# South lake on the thursday nite rain agenda



## shametamer (Jul 22, 2001)

Gee..it rained again..South lake pretty little lake, water clarity is good probably bout 8 feet..most of the lake is undeveloped..only hmmm 6 or so cottages on the lake......This weeks fishing contingent was gillgitter, his daughter (little miss gillgitter?), dr. Wink, jimbobway,walleye wench and myself. between the six of us we managed no keeper pike , bass or eyes, ah the pot rolls over! Lol..we had overcast and rainy conditions to start, with the rain eventually stopping ,winds were a little brisk and variable air temp started in mid 60's eventually dropping into high 50's. the lake itselfplunges to over 70 feet in spots, but most is shallower.lots of 2 and 3 foot flats..and the drops are severe..goin from 3 foot to over 20 in a matter of 10 yards or so..weed growth is sparse.mostly at the 6 to 14 foot level on the drops(some reeds on the flats) lake bottom marl and sand.i think most caught some fish small bass(and i mean small)mine measured 7 1/2 inches taken on a 5 inch joited rapala.Wally's<jims,meghan(sp?) were taken on cleos, worms etc..Doug probably took most fish honors as the gills were succumbing to his presentation..i did manage an 11 inch perch,caught on a lil scooter green/silver.gills seemed plentiful(and good size ones).they would follow my rattletraps, but not bite..surface temp71.2 to start falling to 70...found small snails in the perch belly...Other than that was Super time, as usual..on a sad note Dougs boat battery was dead upon arrival, but Dr. wink rescued their nite of fishing...On to Crooked..Dr wink promises Pike of mammoth size...We are all salvating at the thought of more than one keeper on these thursday night can't catch a fish club excursions........Thanks again guys..your the best!


----------



## MSUICEMAN (Jan 9, 2002)

guys, can you stop fishin thursday afternoons? That is one of the days I want to head out on LSC and the SCR, but with all the rain..... LOL. Between you guys and walleye mike doing his rain dance, i don't know who to blame. 

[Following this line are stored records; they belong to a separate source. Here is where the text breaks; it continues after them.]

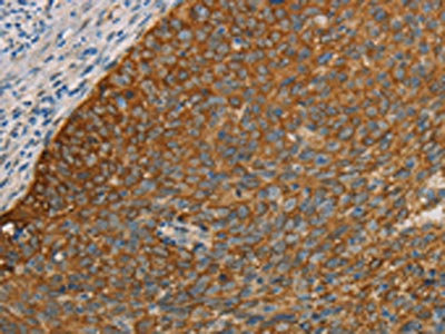 The image on the left is immunohistochemistry of paraffin-embedded Human cervical cancer tissue using CSB-PA027320(FOXF2 Antibody) at dilution 1/30, on the right is treated with synthetic peptide. (Original magnification: ×200)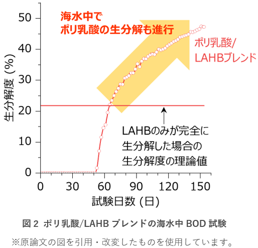 ポリ乳酸は、工業用コンポスト中のような高温多湿条件下では、加水分解で低分子量化したのちに微生物による生分解を受けます。しかし、常温の土壌環境中や海洋環境などの温度の低い環境下では、生分解はほとんど進みません。一方、LAHBは、海洋中や土壌中を含め、さまざまな環境で完全に生分解されることが確認されています。そこで、前述したポリ乳酸/LAHBブレンドの海洋生分解特性を、BOD試験により評価しました。試験には兵庫県高砂港の海水を用いました。数十日間の誘導期ののち、いったん生分解が始まると、急激に分解が進みます(図2)。LAHBが、いわゆる「分解スイッチ」の役割を果たしています。生分解反応は、もともと海洋中で生分解することがわかっているLAHBのみが分解した場合の生分解度の理論値を大幅に上回って進んでいます。これは、LAHBとのブレンド化によって、ポリ乳酸の生分解も促進されていることを示しています。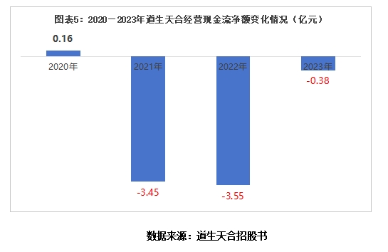 首版和最新版招股书显示,2020—2023年,道生天合的经营现金流量净额分别为1561.28万元、-3.45亿元、-3.55亿元、-3773.23万元,其中,2021—2023年经营现金流量净额连续三年为负。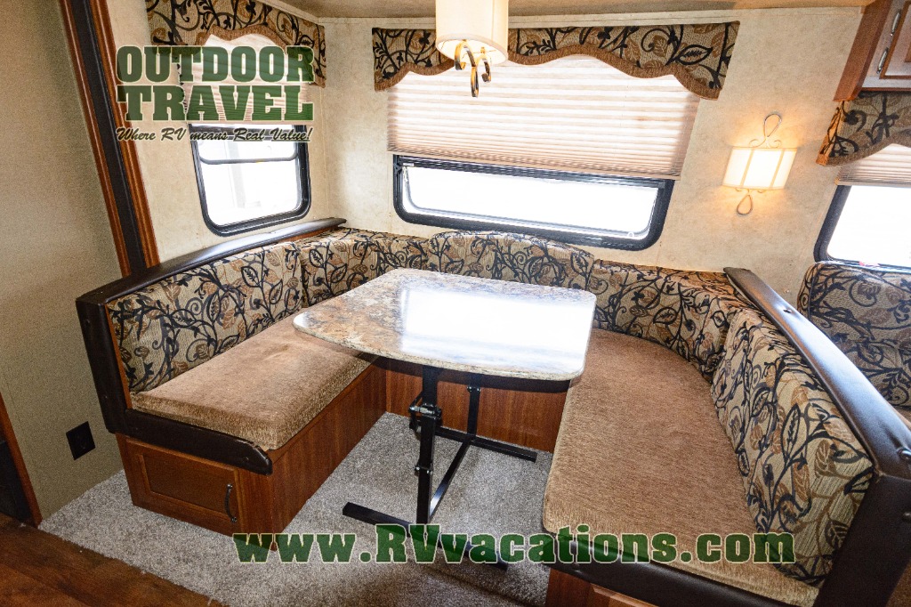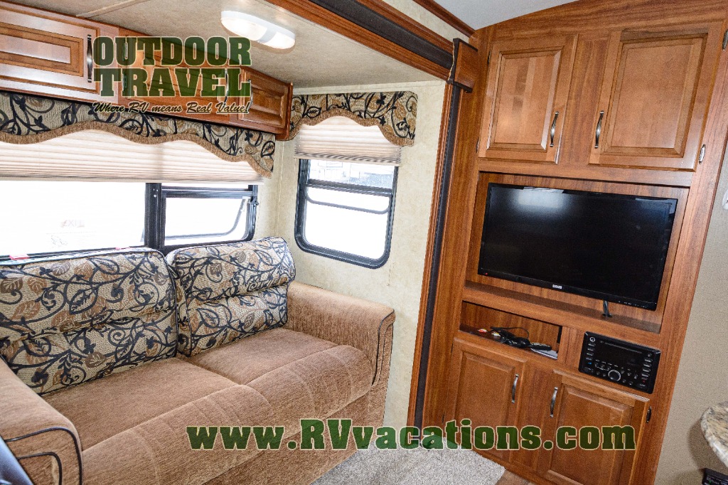In the combined kitchen and living area there is a large slide out hide-a-bed sofa and u-shaped dinette for plenty of seating during mealtime and just hanging out. Watch television on the 32" LCD TV provided.

South Lake is kind of a cool lake to fish. Got a couple little spots that usually hold some monster gills and crappie about this time of year (though sometimes they still stump ya, was there a little while ago, and the gills were still in the adjacent drop offs to sand), with the occasional pike and bass. Surprisingly deep, but doesn't seem to have a great diversity of fish. Seems like bass, pike, gills, crappie, and an occasional perch, oh and it has some monster dogfish.

steve


----------